Daniel Dotta received his B. Sc. and M.Sc. degrees in Electrical Engineering
from the Federal University of Santa Catarina, SC., Brazil. Since 2004 he has
been developing his Ph.D. in Federal University of Santa Catarina, in
Department of Electrical Engineering. His general research interest is in the
area of modeling and object-oriented programming for power systems analysis
and control and high performance scientific computing.
Marcelo Neujhar Agostini received his degree in Electrical Engineering
from Federal University of Santa Maria in 1996. He worked as a research
engineer at the same institution before starting postgraduate studies. He
obtained his D.Eng. degree in Electrical Engineering from the Federal
University of Santa Catarina in 2002. Currently he works at this university as
a researcher engineer.
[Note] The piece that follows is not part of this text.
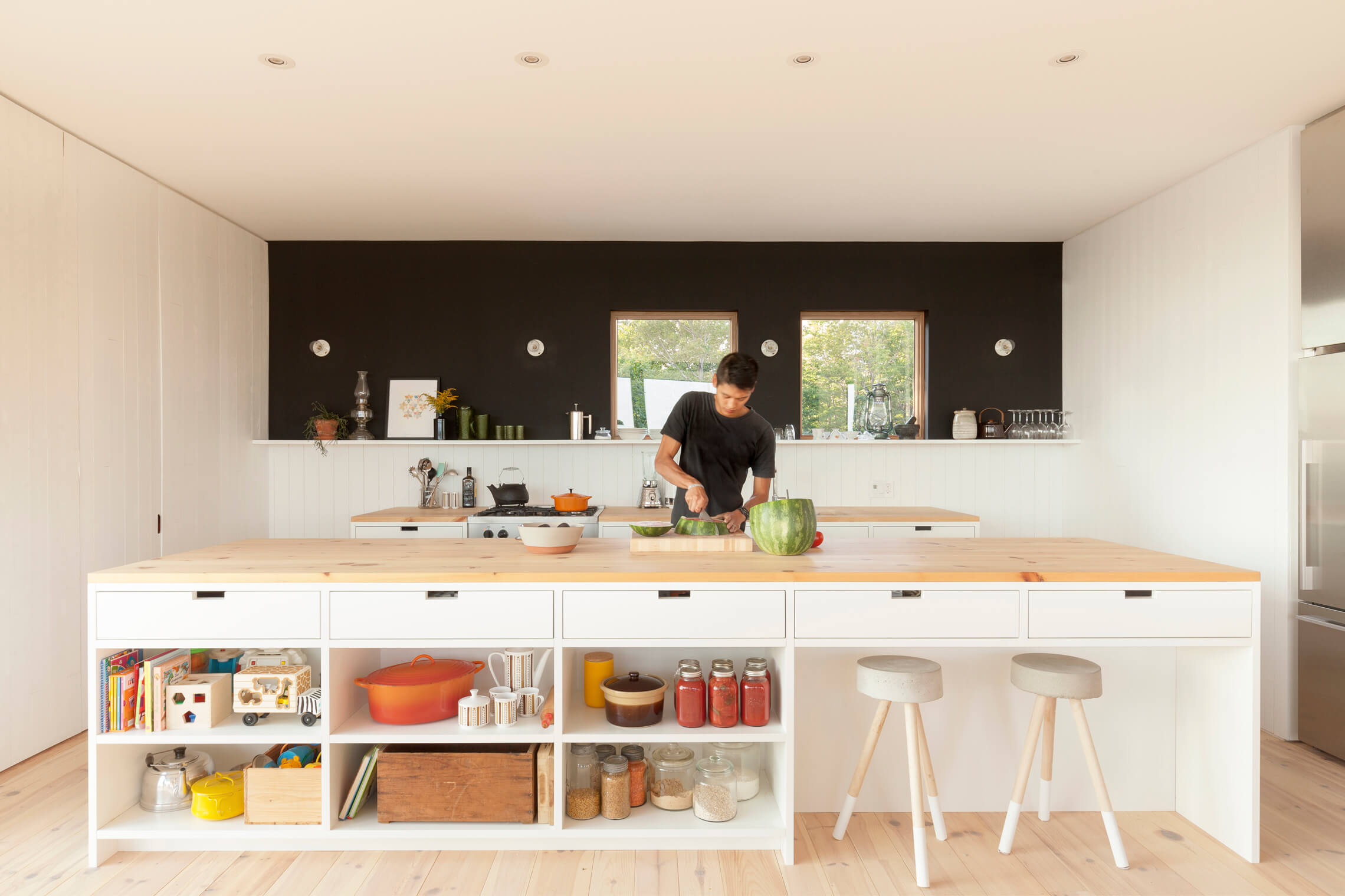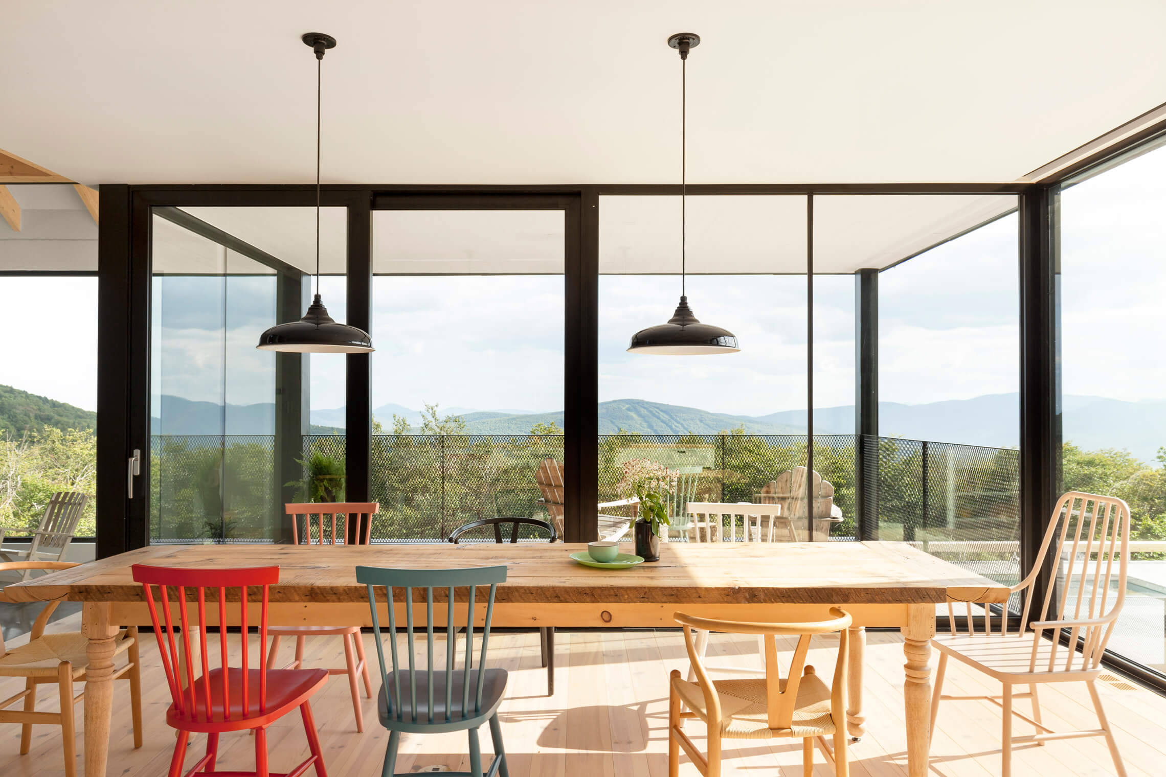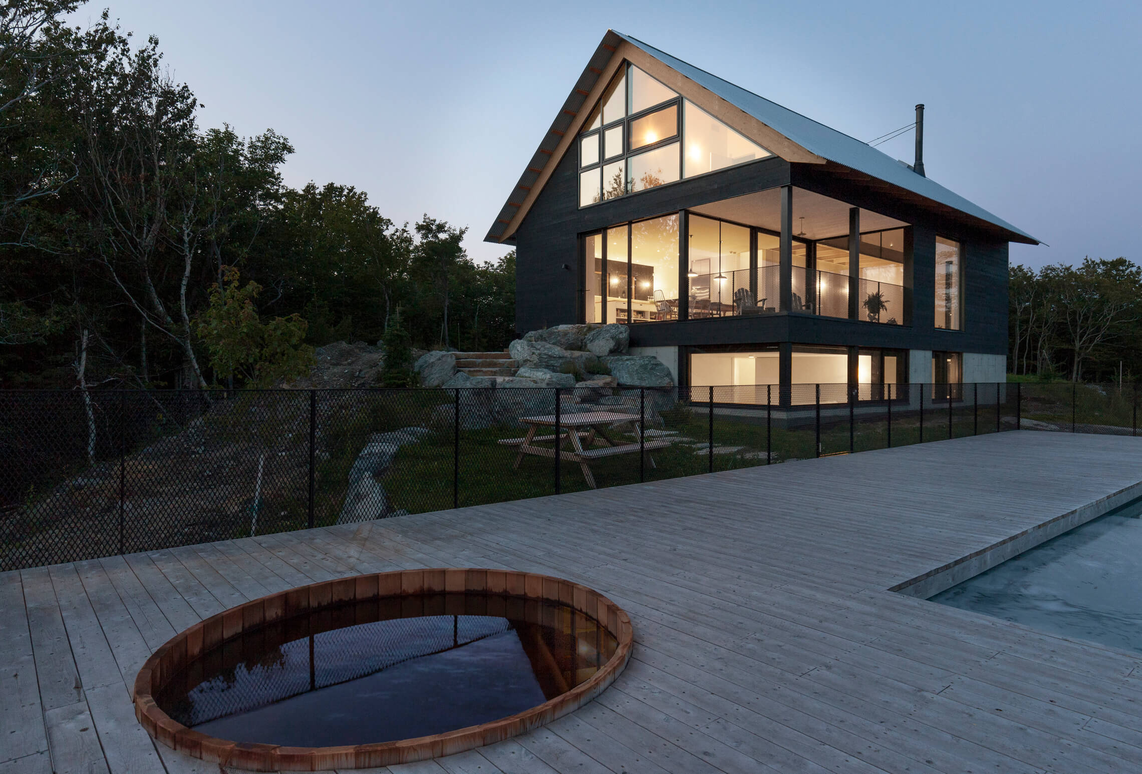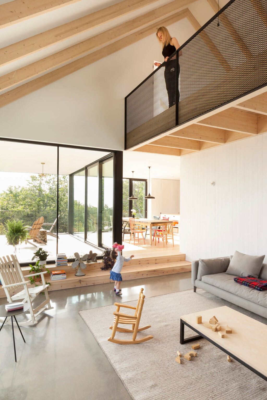 Zlecenie miało na celu stworzenie spokojnego, dzikiego schronienia dla trzyosobowej rodziny, z naciskiem na gościnność i komfort dla rodziny oraz przyjaciół. Program przestrzenny rozciąga się na trzech poziomach: dwie główne sypialnie znajdują się na poddaszu, trzy sypialnie gościnne w piwnicy, a przestronną, otwartą część dzienną, w której znajdują się salon, kuchnia, jadalnia i duża galeria z loggią, umieszczono na parterze, skąd rozciąga się spektakularny widok na okoliczne góry.

His general research interest are phasor measurements,
software engineering applied to Electric Power Systems, Object-Oriented
Modeling, Electric Power Systems Modeling, Electric Power Systems
Dynamics and High Performance Scientific Computing.
Sergio Luiz Zimath received his degree in Automation and Control
Engineering from Federal University of Santa Catarina in 1997. Since 1995,
he has been with Reason Technology where he was responsible for the
development of the Digital Fault Recorder model RPIV, GPS Based time
references among other products. Since 2005 he is in charge of the Research
Projects Department, involved in the study of new technologies.
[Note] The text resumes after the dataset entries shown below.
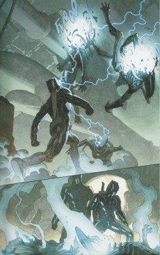 Ce qui peut apparaître de prime abord comme un simple crossover commercial entre deux franchises hyper populaires devient dès les premières pages l'œuvre d'un duo d'auteurs au sommet. L'ambiance est crépusculaire, les références à la mythologie Alien sont nombreuses et parfaitement intégrées, et l'intrigue de science-fiction horrifique se déploie à chaque page. Un one-shot qui fera date à n'en pas douter.
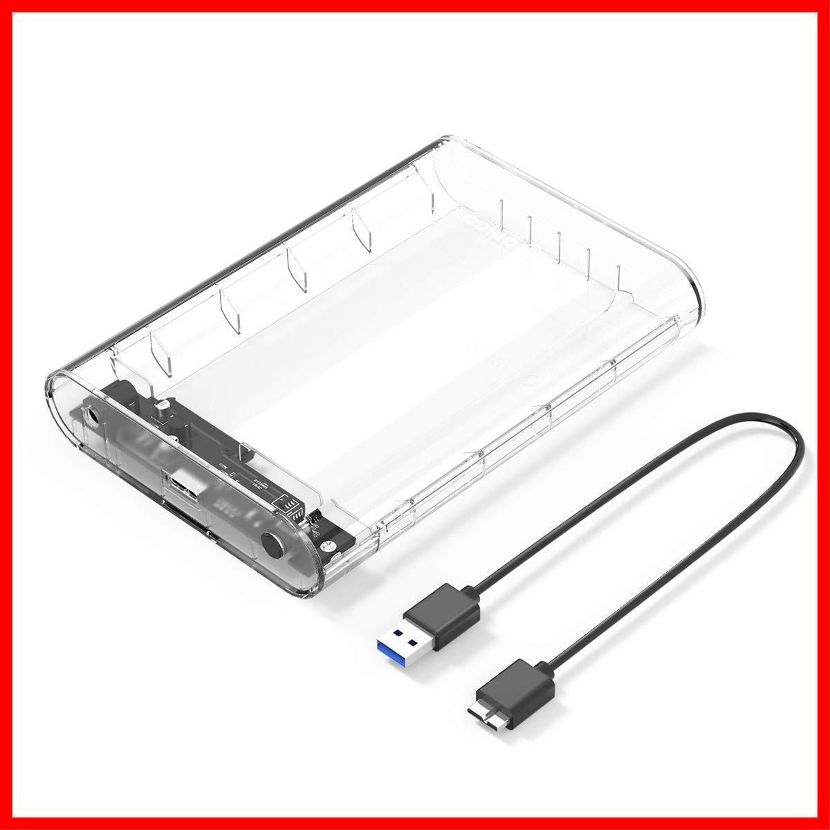 ORICO 3.5インチ HDD ケース USB3.0 ドライブケース SATA3.0接続 5Gbps転送 3.5 HDD対応 16TBまで 電源アダプター付 静電気防止 PC材料 工具不要 透明ケース
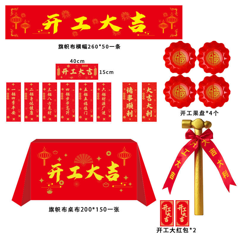 装修开工大吉仪式用品全套,专为新房动工营造喜庆祥瑞氛围而设计。包含精致小金锤、红绸桌布、吉祥条幅、开工横幅、喜庆旗帜及专用布质新房开工锤等全套道具。小金锤寓意“一锤定音”,象征工程顺利、家宅平安;红色元素代表红红火火、驱邪纳福。条幅与横幅印有“开工大吉”“黄道吉日”等吉祥语,增强仪式感。旗帜飘扬,彰显隆重氛围。所有用品材质环保、印刷清晰,适用于家庭、别墅、工装等各类装修场景,既传承传统习俗,又增添现代美感,是开启美好家居生活的重要仪式象征。
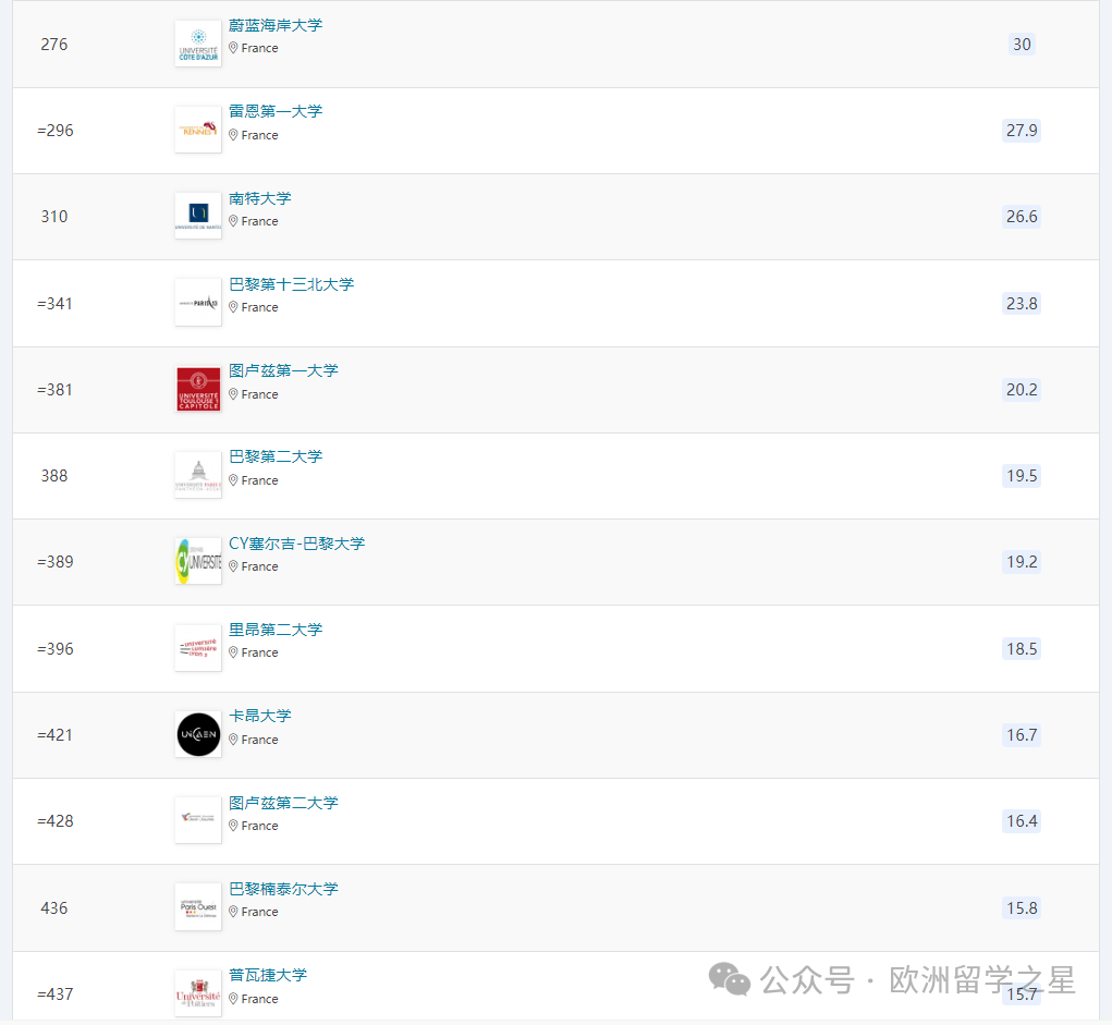 法国有38所高校上榜,其中4所进入欧洲前100,包括巴黎科学艺术人文大学(第9)、巴黎理工学院(第23)、巴黎萨克雷大学(第30)和索邦大学(第31)。
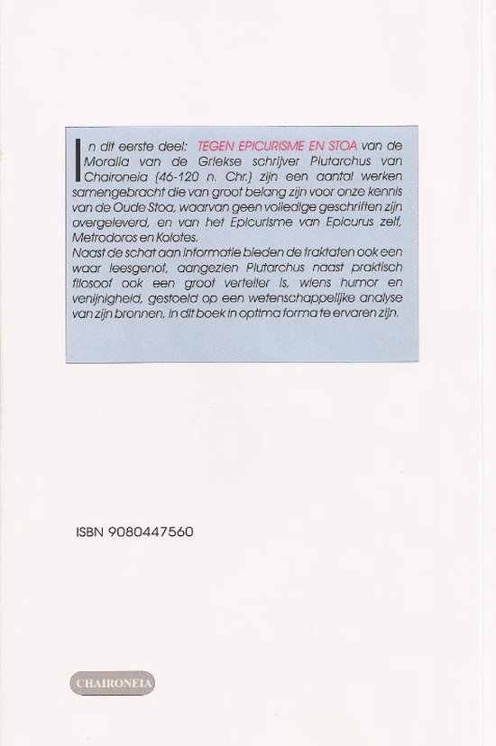 In de Maior-serie wordt het verzamelde werk van de Griekse schrijver Plutarchus (46-120 n.C.) uitgegeven, bestaande uit Moralia en Biografieën. Dit eerste deel van de Moralia bevat geschriften die gericht zijn tegen de Stoa en het Epicurisme. Het werk biedt een schat aan informatie over Stoa en Epicurisme en geeft vele citaten uit verloren werken van o.a. Epicurus, Chrysippos, Zeno en andere filosofen. Plutarchus is naast een praktisch filosoof ook een goede verteller en literator, wiens humor en venijnigheid, gestoeld op een wetenschappelijke analyse van zijn bronnen, in optima forma in dit werk te ervaren zijn. Inhoud: *Verdediging van de filosofen tegen Kolotes *Het is zelfs niet mogelijk aangenaam te leven volgens Epicurus *Tegenstrijdigheden bij de Stoa *Of de stelling: “Leef onopgemerkt!” juist is *Algemene begrippen en de Stoa *Beknopte behandeling van de stelling: ‘De Stoïci praten in nog grotere paradoxen dan de dichters.’
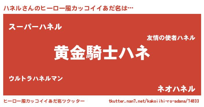 | 胡散臭い通販商品みたいなあだ名 | 『信頼と実績のサプリメント…その名も「ハネル」』 |
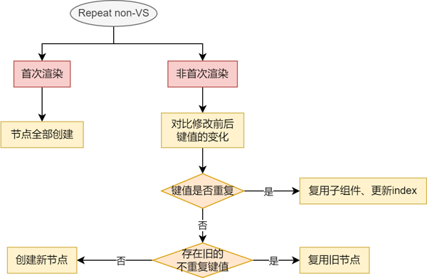 在Repeat组件进行数据更新时,它会依次对比上次的所有键值和本次更新之后的区别。若当前键值和上次的某一项键值相同,Repeat会直接复用子组件并对RepeatItem.index索引做对应的更新。

Aguinaldo Silveira e Silva received his degree in Electrical Engineering from
Federal University of Parana in 1977, and the M.Sc. and Ph.D degrees in
Electrical Engineering from Federal University of Santa Catarina, in 1982 and
UMIST, UK, in 1990, respectively. Since 1980, he has been with Federal
University of Santa Catarina. His main research interests are in the area of
power systems dynamics and control applications.